15 Research Lab -Adversarial Safety Evaluation of Frontier AI Systems

John Kearney

AI Agent Kill Switch Implementation

December 20, 202515 Research Lab

agent-safetydefensetools

When an AI agent starts behaving in ways that are harmful, unexpected, or simply wrong, you need the ability to stop it immediately. A kill switch is not a metaphor. It is a concrete engineering mechanism that must be designed, built, and tested before you need it.

Requirements for an Effective Kill Switch

Immediate effect. The stop must take effect within milliseconds, not at the next polling interval. In-flight tool calls should be cancelled or their results discarded.

Independent of the agent. The kill switch cannot depend on the agent cooperating. An agent that has been compromised by prompt injection will not voluntarily stop. The mechanism must operate at the infrastructure layer.

Preserve state. Stopping the agent should not destroy evidence. All in-progress state, conversation history, and pending actions should be captured for forensic analysis.

Granular scope. Support killing a specific session, a specific agent instance, all agents for a specific user, or all agents globally. Different incidents require different blast radii.

Implementation Approaches

Policy engine flag. The simplest approach: the policy engine checks a "kill" flag before evaluating each action. When the flag is set, all actions are denied. This works when the policy engine sits in the critical path of every tool call.

# Global kill switch
global_state: "killed"
# Result: all tool calls receive immediate deny

Token revocation.
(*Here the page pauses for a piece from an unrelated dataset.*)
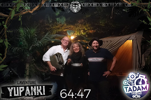 L'aventure Yupanki: Oui un scĂ©nario type Jungle c'est dĂ©jĂ vu mais ... Des dĂ©cors au top, beaucoup d'Ă©lĂ©ments rĂ©alistes qui mettent instantanĂ©ment dans l'ambiance , des Ă©nigmes originales et comme toujours chez Tadam, beaucoup de cohĂ©rence. Des manipulations ingĂ©nieuses et agrĂ©ables Ă jouer. Une fois de plus le game mastering a Ă©tĂ© parfait et ça a l'air d'ĂȘtre la marque signature de cette enseigne. Une Ă©quipe attentive et attentionnĂ©e. Une valeur sĂ»re et forte dans la rĂ©gion Nantaise.

Revoke the agent's API keys and authentication tokens. The next tool call fails at the authentication layer. This is effective but may have propagation delay if tokens are cached.

Network-level block. Firewall rules or proxy configuration that drops all traffic from the agent. Immediate effect, but blunt. Works as a last resort.

Queue drain. If the agent uses a message queue for tool calls, stop the consumer. Pending messages stay in the queue for later analysis.

Testing the Kill Switch

An untested kill switch is not a kill switch. Test quarterly:

Trigger the kill switch during active agent operation
Verify that all in-flight tool calls are stopped or their results are discarded
Verify that the agent cannot resume operation without explicit re-authorization
Verify that state is preserved for analysis
Measure the time from trigger to full stop

Post-Kill Procedures

After activating the kill switch:

Preserve all logs and receipts from the incident
Analyze what the agent was doing and why
Determine the root cause (prompt injection, policy gap, model error, data issue)
Fix the root cause before restarting
Consider whether to replay pending actions or discard them

The EU AI Act Connection

Article 14 of the EU AI Act requires human oversight mechanisms including the ability to intervene in or stop AI system operation. A tested kill switch is the most direct implementation of this requirement.

Build the kill switch before you deploy the agent. You will not have time to build it during an incident.